Culture Secretary slams Facebook for data breach... right before he admits his own app did the same
The app was designed to allow the West Suffolk MP to communicate with members of his constituency, and update national followers with news related to both his cabinet post and party-political messages. While that may have been the original plan, it has been revealed that the Matt Hancock app was able to gain access to users’ private photos – right after the MP slammed Facebook for their mishandling of user data.
“We updated the privacy settings on (the Matt Hancock) app after getting the feedback that came with the launch,” the culture secretary told ITV. “We significantly strengthened the privacy settings because of this sort of feedback.”
Hancock assured the public that photos had not been remotely accessed, adding that the privacy hole in the program had been fixed. “It didn’t gain the access but it did ask for the access because we actually asked for more consent than was actually needed. That absolutely has been fixed. It demonstrates just how important it is to get this right. Mine is for engaging with my constituents it is not actually about making money, as Facebook is,” he added.
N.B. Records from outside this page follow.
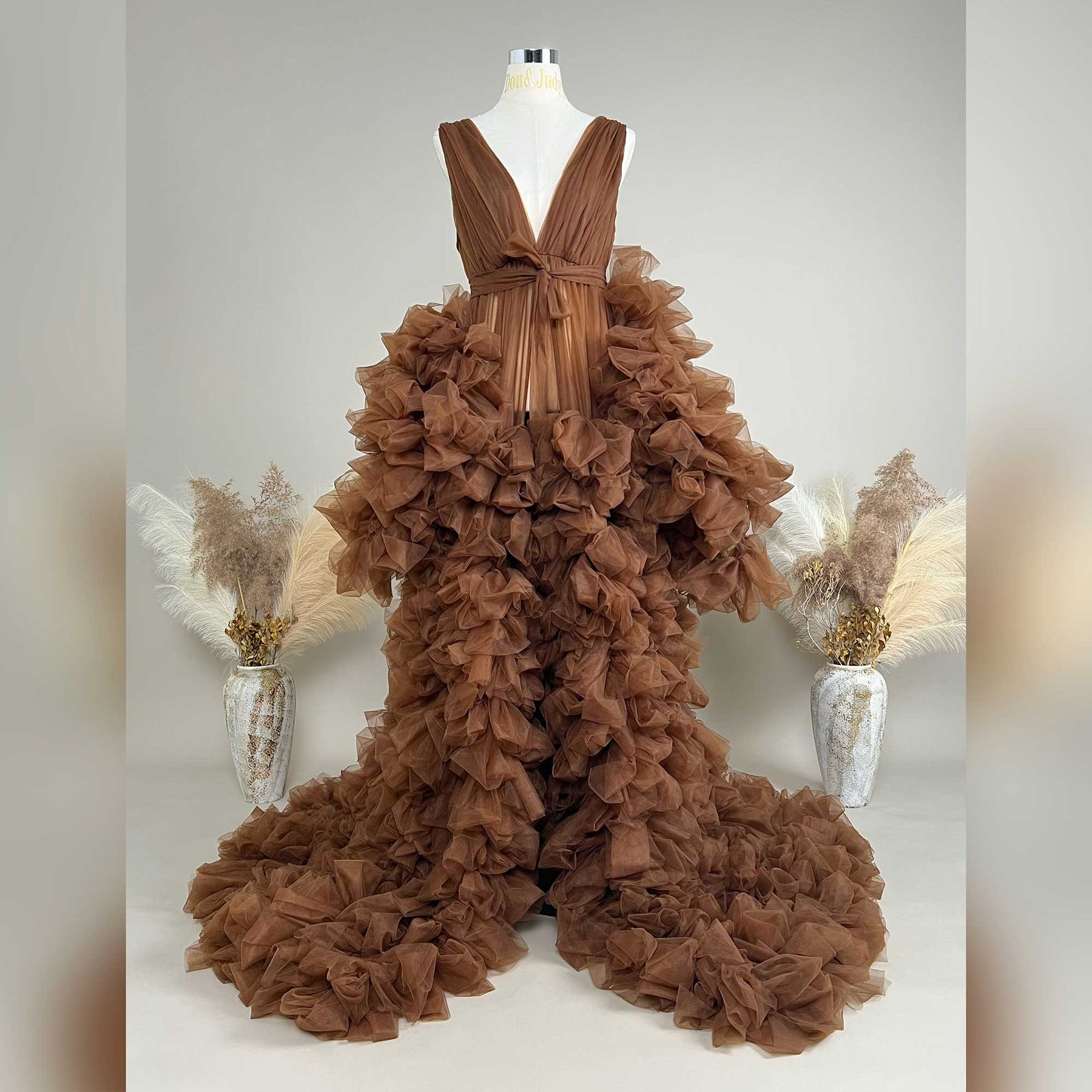 Product name: Elegant Brown Deep V-neck Long Dress – Maternity or Non-maternity Gown Dresses for Baby Shower & Photography Props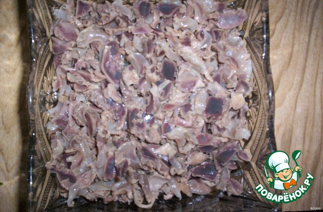 | Главным ингридиентом салата являются куриные желудки. В салате по вкусовым качествам желудки очень близки к вкусовым качествам языка (свиного или говяжьего). |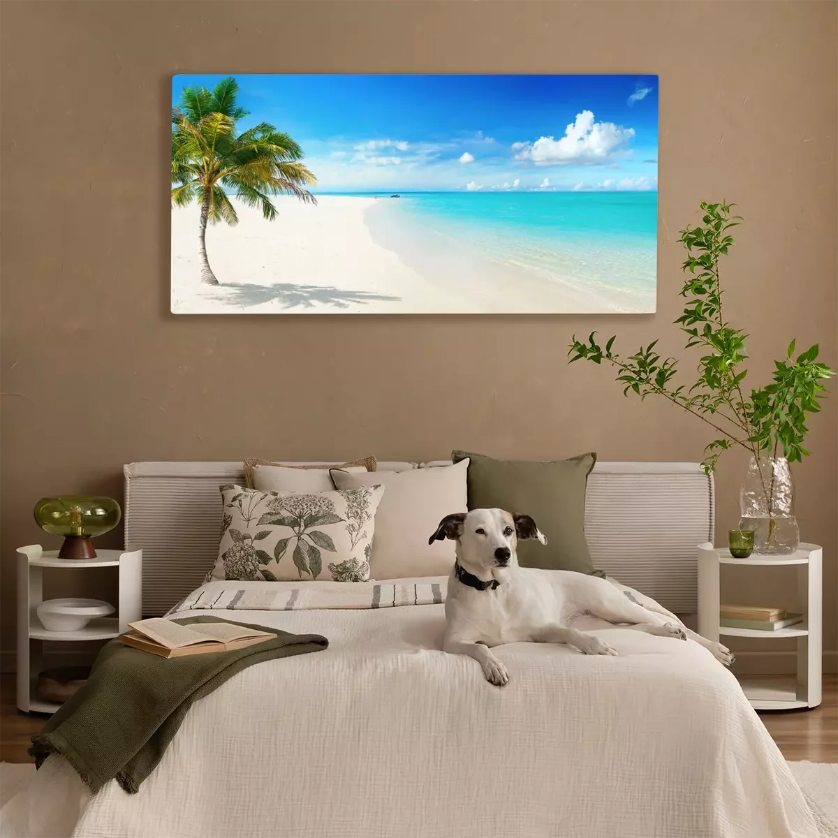 Aufnahme mit Strand und Palmenblättern

Hancock said the row about the data breach at Facebook highlighted the need for the public to have more control over their data. “The things this really shows is the need for more transparency in the big tech companies, so we know what they are doing with our data and that in itself can bring more accountability,” he said. “So instead of this going on for ages and then an apology only when it comes out in a newspaper, the big tech companies treat data with the respect that it needs right from the start.”
Speaking to BBC Radio 4’s Today program, Hancock hit out at Facebook, telling listeners that he thinks they can do more to protect user data. “Mark Zuckerberg [the Facebook CEO] has apologised and said they are going to make some changes but frankly I don’t think those changes go far enough. And anyway it should not be for a company to decide what is the appropriate balance between privacy and innovation. Those rules should be set by society.”